Zero DownTime success story.
From today at 08:06 GMT GerritHub users are served by our brand new infrastructure geo-located in Canada, Quebec, Beauharnois. It is the first time we applied a zero-downtime roll-out scheme, the PingDom uptime for the past 24h reported 100% uptime and 688 msec average response time for the page of the list of opened changes. The two response times spike on the above graphs are actually due to the old German infrastructure and happened before the start of the roll-out.
We can see the switch of the traffic to the new infrastructure from the increase of the overall response time (IP packets were routed from Germany to Canada causing extra hops); as the DNS propagation was spreading across the world, the overall number of hops gradually came back to normal.
Timeline of the events.
- 08:00:00 GMT – Phase 1 – Set Gerrit READ-ONLY. All changes and Git repositories started to refuse push and updates.

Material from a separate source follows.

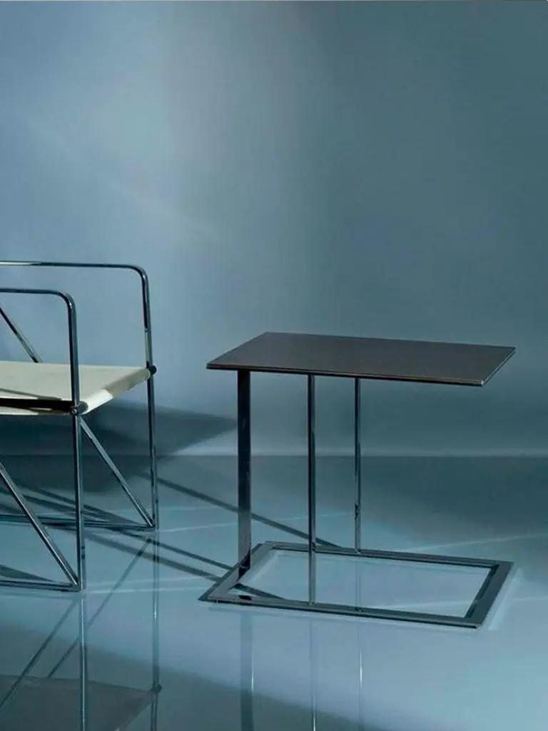 Horizon, Side Table In Patinated Silver Leaf Top And Polished Brass Base

- 08:00:01 GMT – Phase 2 – Wait for pending replication to complete. Replication queue was empty; there was no need to wait.

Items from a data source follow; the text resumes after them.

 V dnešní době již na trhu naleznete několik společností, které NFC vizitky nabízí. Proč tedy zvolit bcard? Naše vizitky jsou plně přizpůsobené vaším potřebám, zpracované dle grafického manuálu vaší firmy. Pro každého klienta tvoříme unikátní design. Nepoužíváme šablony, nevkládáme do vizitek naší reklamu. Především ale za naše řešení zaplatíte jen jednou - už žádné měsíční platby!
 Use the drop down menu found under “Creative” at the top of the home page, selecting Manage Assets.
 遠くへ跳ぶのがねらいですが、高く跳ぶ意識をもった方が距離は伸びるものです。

- 08:00:02 GMT – Phase 3 – Mirror DB and Git for the last time, delta-reindex, DB upgrade and Gerrit restart. It has been the longest part of the roll-out and lasted 5′ 32”, aligned with our estimates.
- 08:05:34 GMT – Phase 4 – Cache warm-up. 20K projects, 8K accounts and 4.6K groups were pre-loaded in Gerrit. This step was optional but allowed us to redirect all the traffic without risks of causing thread spikes on the new infrastructure.
- 08:06:23 GMT – Phase 5 – Redirect traffic to the new infrastructure.
Did anybody notice the rollout?
During the rollout the Git projects and Gerrit changes were read-only for 6′ and 23”. According to the logs, 493 Git/HTTP and 172 Git/SSH invocations were made and completed successfully: none of them failed.
What is the situation right now?
The new infrastructure public IP (18.104.22.168) has almost completed his DNS propagation around the world, the only countries not entirely covered are Australia and China. The rest of the world is coming directly to Canada avoid the German hops. Metrics are good, low CPU utilization and threads consumption compared to the old German infrastructure, symptom of the reduction of the execution and serving times and latency.
From now on we will continue to use this Blue/Green roll-out strategy, possibly improving in the ReadOnly window by introducing live distributed reindex and cache warm-up.
We fully commit to Zero-Downtime and Stability, the most valuable assets for our clients.